Wave of Counterfeit PYUSD Tokens Floods Market Following PayPal’s Stablecoin Launch

In a swift response to PayPal’s introduction of their new stablecoin (PYUSD), a wave of opportunists, speculators, and potential fraudsters has emerged, attempting to exploit the ensuing excitement by launching their own imitation tokens.

Decentralized exchange scanner DexScreener’s data reveals that within a mere 16 hours since the official announcement, approximately 30 new token pairs, all bearing the ticker “PYUSD,” have materialized.

These counterfeit tokens have been generated on various blockchains, including Binance Smart Chain, Ethereum, and Coinbase’s latest layer 2 solution, Base.

However, it’s essential to recognize that the authentic PayPal USD token was established back in November of the previous year. The legitimate contract address can be verified accordingly. Notably, PayPal had explicitly stated that PayPal USD could solely be transmitted between verified PayPal accounts and other compatible wallets. As a result, it’s exceedingly improbable that any tokens listed with the same ticker on platforms like UniSwap or other decentralized exchanges are legitimate.

The most significant imposter PYUSD token, created on the Ethereum network, has already amassed a staggering $2.6 million in trading volume since its inception, which occurred mere moments after PayPal’s stablecoin launch was unveiled. Despite experiencing an initial surge of over 30,000% within the first eight hours, the token’s value has since plummeted by more than 66% from its peak.

A touch of humor was introduced by one particular token, cheekily dubbed “PepeYieldUnibotSatoshiDoge.” This imitation token has enjoyed a remarkable surge of over 3,000% within the past four hours.

Notably, several of these fraudulent PYUSD tokens are likely to be what are commonly referred to as “honeypots.” This term denotes that once an investor acquires the token, they encounter an inability to sell it, effectively relinquishing their cryptocurrency.

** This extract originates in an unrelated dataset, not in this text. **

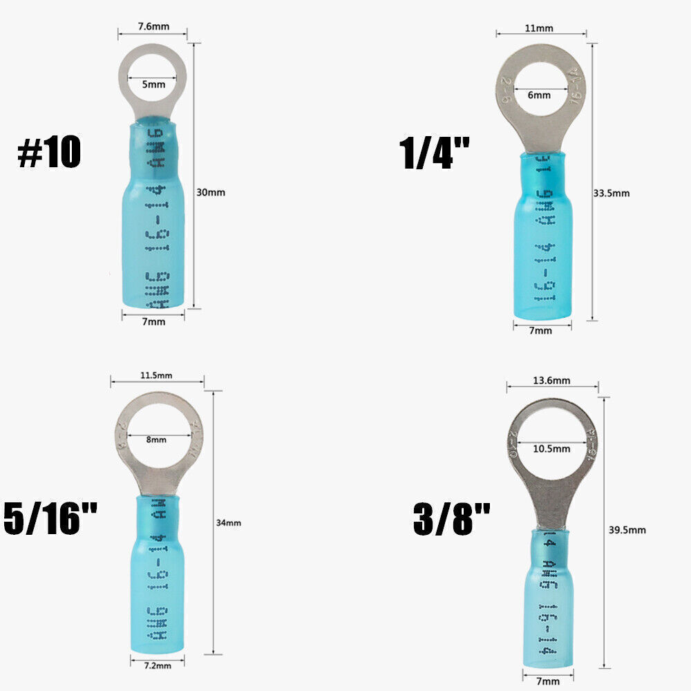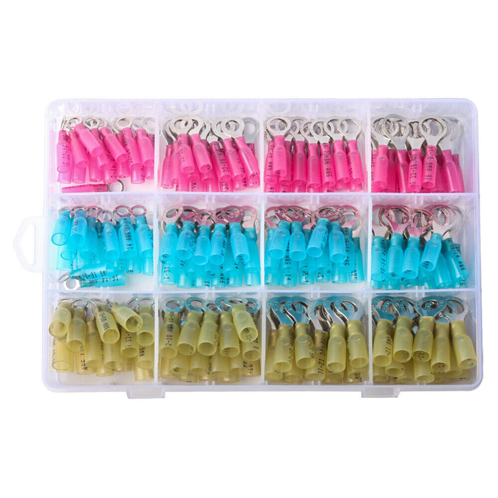 180Pcs Heat Shrink Wire Crimp Connectors Ring Terminals AWG 22-10 Waterproof

For those who lack the capability to personally audit smart contracts, discovering that they have engaged with a honeypot often only becomes evident when attempting to liquidate their holdings.

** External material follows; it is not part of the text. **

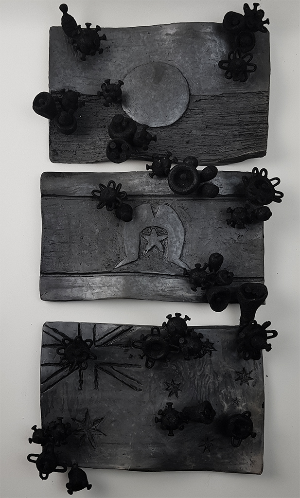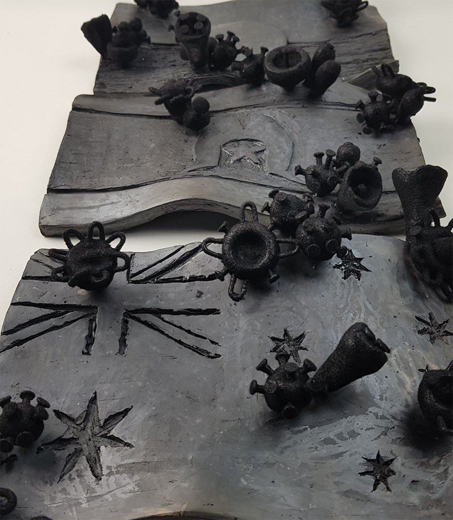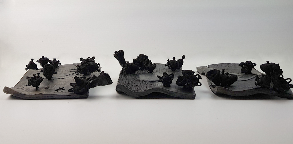 Burnt then contagious: ceramic and mixed media sculpture

These entrepreneurial enthusiasts, known colloquially as “degens,” have gained a reputation for rushing to mint new meme-inspired coins in an effort to capitalize on trending narratives and developments.

On August 3, a group of anonymous developers introduced the “LK-99” token, aiming to exploit the prevailing excitement around superconductors. A week prior, on July 27, degens seized upon the attention surrounding a U.S. Congressional hearing, where a whistleblower claimed that the U.S. government was concealing evidence of extraterrestrial encounters. This led to the creation of more than 50 UFO-themed meme coins.